§ **Aim of the exercise**
Each record below must be returned exactly, with no line left out.

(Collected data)
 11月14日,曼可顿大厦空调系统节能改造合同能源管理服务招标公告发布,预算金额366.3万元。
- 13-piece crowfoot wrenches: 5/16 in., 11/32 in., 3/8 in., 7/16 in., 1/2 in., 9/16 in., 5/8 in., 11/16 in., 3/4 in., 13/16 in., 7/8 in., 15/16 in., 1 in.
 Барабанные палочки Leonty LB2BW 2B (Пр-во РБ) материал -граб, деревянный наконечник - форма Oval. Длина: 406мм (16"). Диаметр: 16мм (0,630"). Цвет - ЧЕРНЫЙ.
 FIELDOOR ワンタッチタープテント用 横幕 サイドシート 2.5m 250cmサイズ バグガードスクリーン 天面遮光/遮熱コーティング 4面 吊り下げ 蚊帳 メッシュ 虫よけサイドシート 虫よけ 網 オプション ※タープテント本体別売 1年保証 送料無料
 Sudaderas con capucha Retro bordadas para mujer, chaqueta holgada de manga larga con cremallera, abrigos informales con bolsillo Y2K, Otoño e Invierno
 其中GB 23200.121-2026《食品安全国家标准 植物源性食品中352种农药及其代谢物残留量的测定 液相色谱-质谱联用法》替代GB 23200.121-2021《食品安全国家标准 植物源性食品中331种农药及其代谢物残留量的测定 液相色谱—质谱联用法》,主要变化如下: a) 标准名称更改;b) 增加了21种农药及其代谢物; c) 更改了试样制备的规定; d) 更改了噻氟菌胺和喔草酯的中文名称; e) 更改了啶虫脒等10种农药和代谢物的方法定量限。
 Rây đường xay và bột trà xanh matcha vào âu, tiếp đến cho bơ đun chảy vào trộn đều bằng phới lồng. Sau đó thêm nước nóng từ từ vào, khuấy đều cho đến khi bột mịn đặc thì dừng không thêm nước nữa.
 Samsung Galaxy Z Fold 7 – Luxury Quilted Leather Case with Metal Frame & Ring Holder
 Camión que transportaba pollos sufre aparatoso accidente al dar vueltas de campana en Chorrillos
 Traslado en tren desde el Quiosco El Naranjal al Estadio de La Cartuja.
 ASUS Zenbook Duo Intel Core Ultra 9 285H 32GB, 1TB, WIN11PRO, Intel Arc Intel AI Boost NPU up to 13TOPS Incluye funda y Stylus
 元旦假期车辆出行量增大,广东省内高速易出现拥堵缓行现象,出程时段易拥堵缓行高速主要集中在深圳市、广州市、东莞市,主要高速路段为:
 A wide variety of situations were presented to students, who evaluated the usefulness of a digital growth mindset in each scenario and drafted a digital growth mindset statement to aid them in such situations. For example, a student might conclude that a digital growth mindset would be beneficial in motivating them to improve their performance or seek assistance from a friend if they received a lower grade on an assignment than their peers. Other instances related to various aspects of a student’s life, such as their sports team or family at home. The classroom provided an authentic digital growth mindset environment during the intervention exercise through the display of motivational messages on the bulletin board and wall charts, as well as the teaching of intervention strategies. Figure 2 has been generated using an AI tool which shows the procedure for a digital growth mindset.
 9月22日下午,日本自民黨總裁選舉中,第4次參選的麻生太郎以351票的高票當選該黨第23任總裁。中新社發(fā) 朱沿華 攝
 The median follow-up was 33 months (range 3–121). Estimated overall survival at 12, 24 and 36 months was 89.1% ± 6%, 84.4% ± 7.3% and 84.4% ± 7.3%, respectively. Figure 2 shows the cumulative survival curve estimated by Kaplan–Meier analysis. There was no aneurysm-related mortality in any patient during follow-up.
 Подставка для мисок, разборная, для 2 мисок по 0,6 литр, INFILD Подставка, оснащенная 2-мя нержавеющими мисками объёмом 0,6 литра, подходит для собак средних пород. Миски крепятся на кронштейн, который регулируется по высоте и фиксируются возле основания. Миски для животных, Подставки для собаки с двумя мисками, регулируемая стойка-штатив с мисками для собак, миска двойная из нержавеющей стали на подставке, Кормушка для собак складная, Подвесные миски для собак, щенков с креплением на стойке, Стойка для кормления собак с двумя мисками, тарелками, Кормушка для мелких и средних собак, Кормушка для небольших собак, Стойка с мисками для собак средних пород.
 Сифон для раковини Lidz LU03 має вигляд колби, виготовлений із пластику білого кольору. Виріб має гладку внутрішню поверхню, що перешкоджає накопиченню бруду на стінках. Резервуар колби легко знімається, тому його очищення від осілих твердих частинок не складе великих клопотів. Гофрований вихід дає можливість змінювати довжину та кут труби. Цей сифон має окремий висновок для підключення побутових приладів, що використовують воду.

§ **Task answer**
 11月14日,曼可顿大厦空调系统节能改造合同能源管理服务招标公告发布,预算金额366.3万元。
- 13-piece crowfoot wrenches: 5/16 in., 11/32 in., 3/8 in., 7/16 in., 1/2 in., 9/16 in., 5/8 in., 11/16 in., 3/4 in., 13/16 in., 7/8 in., 15/16 in., 1 in.
 Барабанные палочки Leonty LB2BW 2B (Пр-во РБ) материал -граб, деревянный наконечник - форма Oval. Длина: 406мм (16"). Диаметр: 16мм (0,630"). Цвет - ЧЕРНЫЙ.
 FIELDOOR ワンタッチタープテント用 横幕 サイドシート 2.5m 250cmサイズ バグガードスクリーン 天面遮光/遮熱コーティング 4面 吊り下げ 蚊帳 メッシュ 虫よけサイドシート 虫よけ 網 オプション ※タープテント本体別売 1年保証 送料無料
 Sudaderas con capucha Retro bordadas para mujer, chaqueta holgada de manga larga con cremallera, abrigos informales con bolsillo Y2K, Otoño e Invierno
 其中GB 23200.121-2026《食品安全国家标准 植物源性食品中352种农药及其代谢物残留量的测定 液相色谱-质谱联用法》替代GB 23200.121-2021《食品安全国家标准 植物源性食品中331种农药及其代谢物残留量的测定 液相色谱—质谱联用法》,主要变化如下: a) 标准名称更改;b) 增加了21种农药及其代谢物; c) 更改了试样制备的规定; d) 更改了噻氟菌胺和喔草酯的中文名称; e) 更改了啶虫脒等10种农药和代谢物的方法定量限。
 Rây đường xay và bột trà xanh matcha vào âu, tiếp đến cho bơ đun chảy vào trộn đều bằng phới lồng. Sau đó thêm nước nóng từ từ vào, khuấy đều cho đến khi bột mịn đặc thì dừng không thêm nước nữa.
 Samsung Galaxy Z Fold 7 – Luxury Quilted Leather Case with Metal Frame & Ring Holder
 Camión que transportaba pollos sufre aparatoso accidente al dar vueltas de campana en Chorrillos
 Traslado en tren desde el Quiosco El Naranjal al Estadio de La Cartuja.
 ASUS Zenbook Duo Intel Core Ultra 9 285H 32GB, 1TB, WIN11PRO, Intel Arc Intel AI Boost NPU up to 13TOPS Incluye funda y Stylus
 元旦假期车辆出行量增大,广东省内高速易出现拥堵缓行现象,出程时段易拥堵缓行高速主要集中在深圳市、广州市、东莞市,主要高速路段为:
 A wide variety of situations were presented to students, who evaluated the usefulness of a digital growth mindset in each scenario and drafted a digital growth mindset statement to aid them in such situations. For example, a student might conclude that a digital growth mindset would be beneficial in motivating them to improve their performance or seek assistance from a friend if they received a lower grade on an assignment than their peers. Other instances related to various aspects of a student’s life, such as their sports team or family at home. The classroom provided an authentic digital growth mindset environment during the intervention exercise through the display of motivational messages on the bulletin board and wall charts, as well as the teaching of intervention strategies. Figure 2 has been generated using an AI tool which shows the procedure for a digital growth mindset.
 9月22日下午,日本自民黨總裁選舉中,第4次參選的麻生太郎以351票的高票當選該黨第23任總裁。中新社發(fā) 朱沿華 攝
 The median follow-up was 33 months (range 3–121). Estimated overall survival at 12, 24 and 36 months was 89.1% ± 6%, 84.4% ± 7.3% and 84.4% ± 7.3%, respectively. Figure 2 shows the cumulative survival curve estimated by Kaplan–Meier analysis. There was no aneurysm-related mortality in any patient during follow-up.
 Подставка для мисок, разборная, для 2 мисок по 0,6 литр, INFILD Подставка, оснащенная 2-мя нержавеющими мисками объёмом 0,6 литра, подходит для собак средних пород. Миски крепятся на кронштейн, который регулируется по высоте и фиксируются возле основания. Миски для животных, Подставки для собаки с двумя мисками, регулируемая стойка-штатив с мисками для собак, миска двойная из нержавеющей стали на подставке, Кормушка для собак складная, Подвесные миски для собак, щенков с креплением на стойке, Стойка для кормления собак с двумя мисками, тарелками, Кормушка для мелких и средних собак, Кормушка для небольших собак, Стойка с мисками для собак средних пород.
 Сифон для раковини Lidz LU03 має вигляд колби, виготовлений із пластику білого кольору. Виріб має гладку внутрішню поверхню, що перешкоджає накопиченню бруду на стінках. Резервуар колби легко знімається, тому його очищення від осілих твердих частинок не складе великих клопотів. Гофрований вихід дає можливість змінювати довжину та кут труби. Цей сифон має окремий висновок для підключення побутових приладів, що використовують воду.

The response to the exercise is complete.